I like this too or something along similar lines.
Not interested in anything involving the "F" word or anything crude.
Cool is good!

TP


----------



## Steve (22/5/09)

Fents said:


> really like this.




Me too. Nice one Sammy - though the hops would have to be tweaked a little so they dont look like grapes.
Cheers
Steve

P.S. You'd have to include a water droplet in the circle too.


----------



## Supra-Jim (23/5/09)

Another thought, we could modify the image below and add the following text:

Home Brew

All the cool kids are doing it!








Or plenty of other variations:

Real beer, real flavour

Real Beer, Brewed my way!

etc etc

Cheers SJ


----------



## winkle (23/5/09)

*AHB

It beats smoking crack*​

(apologies to ratebeer)


----------



## samhighley (23/5/09)

Personally i'd prefer slogans that:

don't mention homebrew (I brew beer, and homebrew has such negative connotations)
don't slag off commercial beer (Everyone hates beer snobs)
aren't derogatory or sexist (Let's try and get a design that the majority would be proud to wear)


----------



## Josh (23/5/09)

My idea graphically...


----------



## Supra-Jim (23/5/09)

Nice work there Josh, the artwork looks good.

Cheers SJ


----------



## mckenry (23/5/09)

I'd like to see something like the one above (the helping ugly people) but with a Frank Sinatra head and the slogan 
"I brew it my way"


----------



## peas_and_corn (25/5/09)

I was chatting to my friend at a recent brewday about the shirt design thread and he suggested this (forgive the quick paint job)-


----------



## Supra-Jim (25/5/09)

Nice work, I like it P&C

Cheers SJ


----------



## Screwtop (25/5/09)

The above speaks to Brewing..............but not Homebrewing.

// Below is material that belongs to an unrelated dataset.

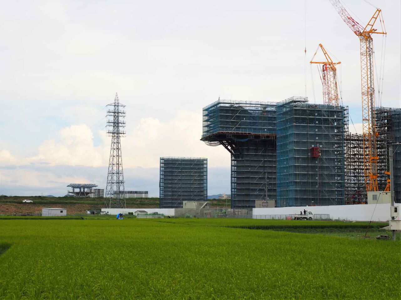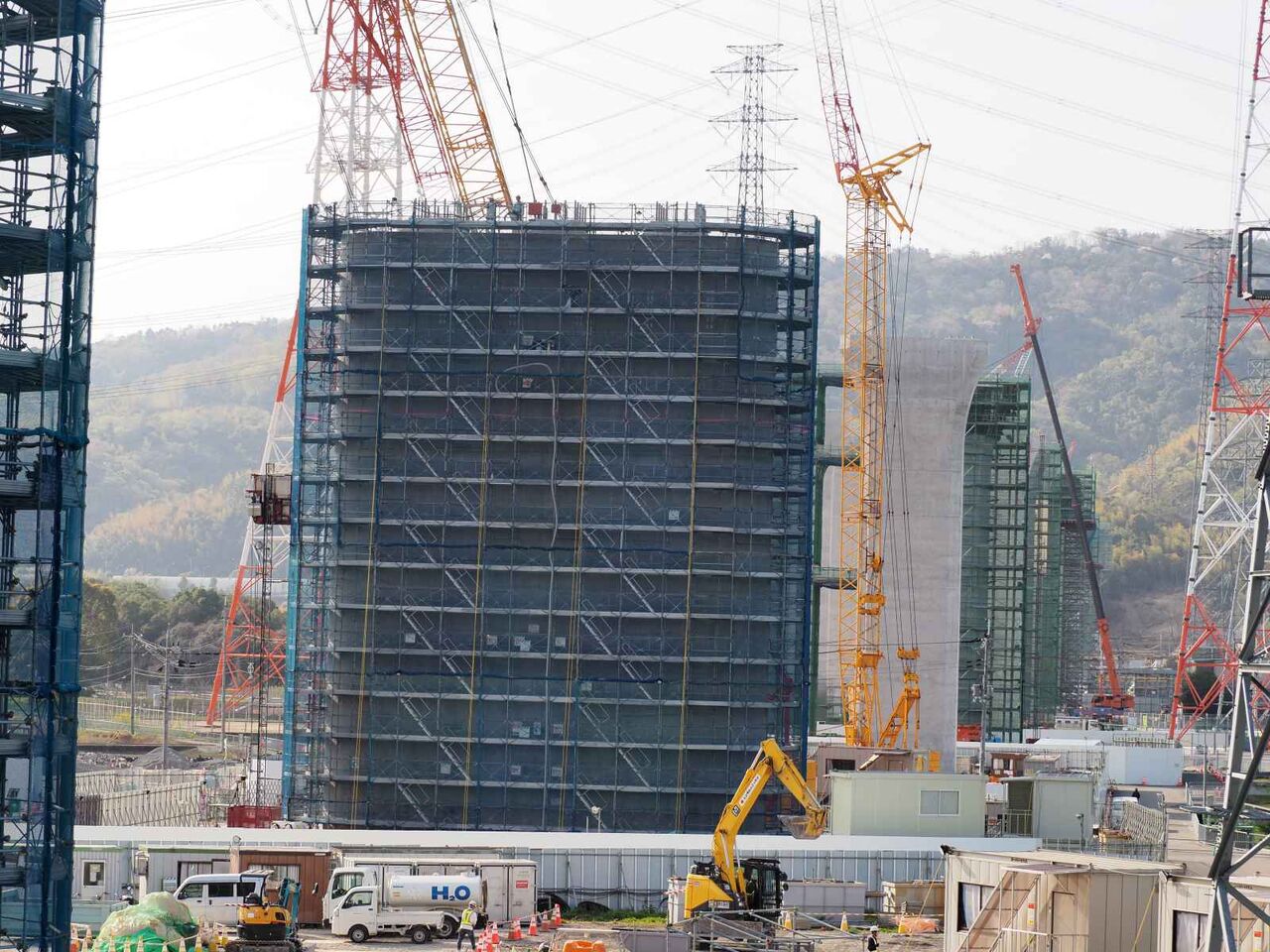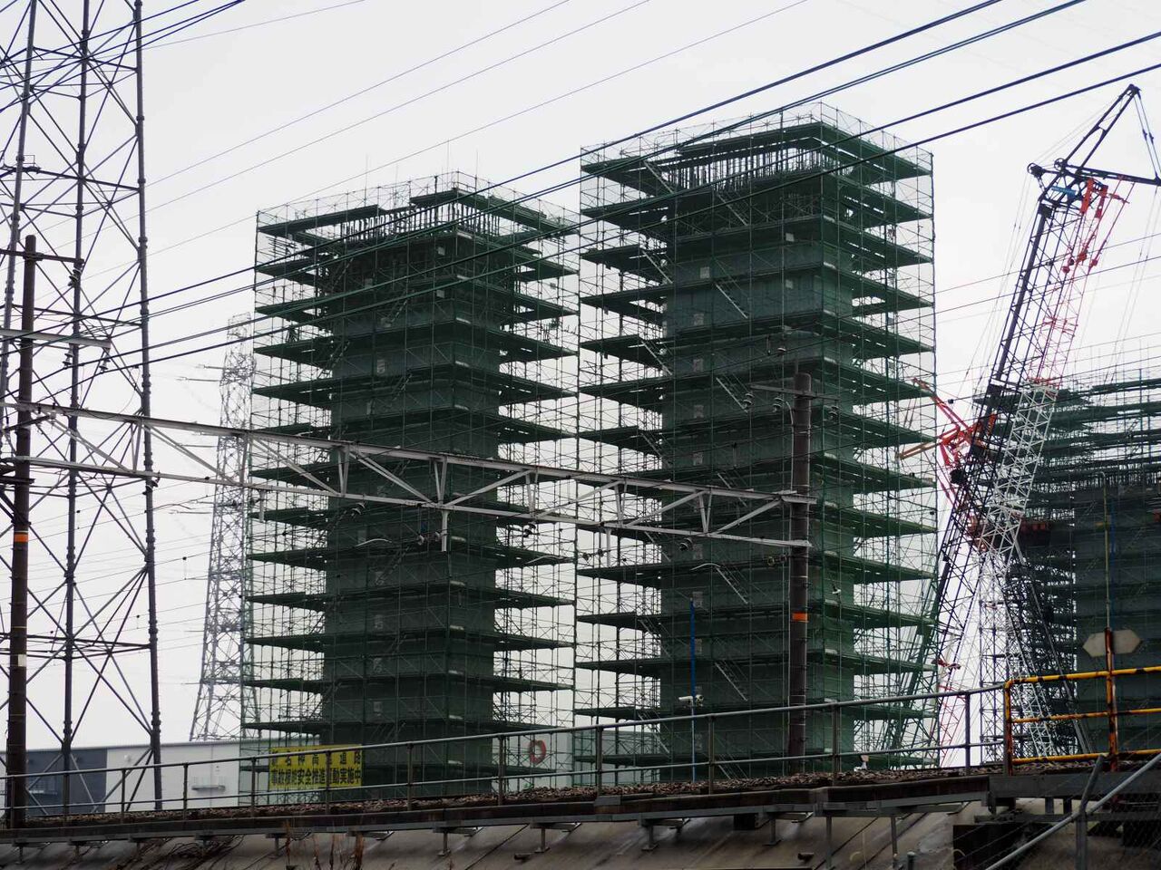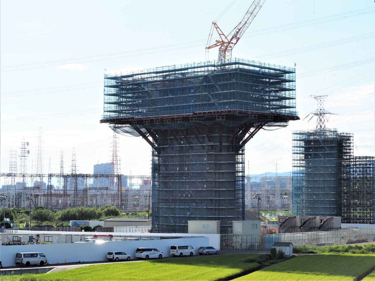 ただ、よーく見ると奥に橋脚に新たな梯子のようなものが組み立てられている橋脚があります。これは橋梁の工事の準備の始まりのようです。これだけの高さに今後橋梁を乗せる工法はどうするのかとても気になります。今回は淀川付近は見ることができなかったので今後も引き続き変化を見ていきたいと思います。

We need to define our hobby..............and then represent how we feel about being homebrewers...on a T shirt.

What do we get a kick out of as homebrewers, what sets us apart as a group as homebrewers, what do we identify with as homebrewers, and what we are proud of as homebrewers.

So what from this list do you want the T shirt to represent????

Good beer
Satisfaction - from making it yourself
Natural
Healthy - No preservatives/chemicals


Go ahead add to the list..............


Screwy


----------



## Supra-Jim (25/5/09)

I like the way your thinking SCrewtop.

I would like it represent Good Beer, plus i also enjoy a hunmorous or tongue in cheek joke.

not really a fan of showing all of the ingredients that go into beer on a t-shirt.

Cheers SJ


----------



## samhighley (25/5/09)

peas_and_corn said:


> I was chatting to my friend at a recent brewday about the shirt design thread and he suggested this (forgive the quick paint job)-



Along these lines.


----------



## wyatt_girth (25/5/09)

Screwtop said:


> View attachment 27437
> 
> 
> 
> ...



This is sort of where I was heading with my bottle shirt idea - I just did a poor job of presenting it. The idea was originally to have a bottle with a hand-written label saying whatever popular phrase or quote that would be recognised by most on AHB


----------



## warrenlw63 (25/5/09)

A play on a movie theme.

Warren -


----------



## jonocarroll (25/5/09)

warrenlw63 said:


> A play on a movie theme.
> 
> Warren -


I dare say that's pitching to an entirely different crowd...


----------



## warrenlw63 (25/5/09)

QuantumBrewer said:


> I dare say that's pitching to an entirely different crowd...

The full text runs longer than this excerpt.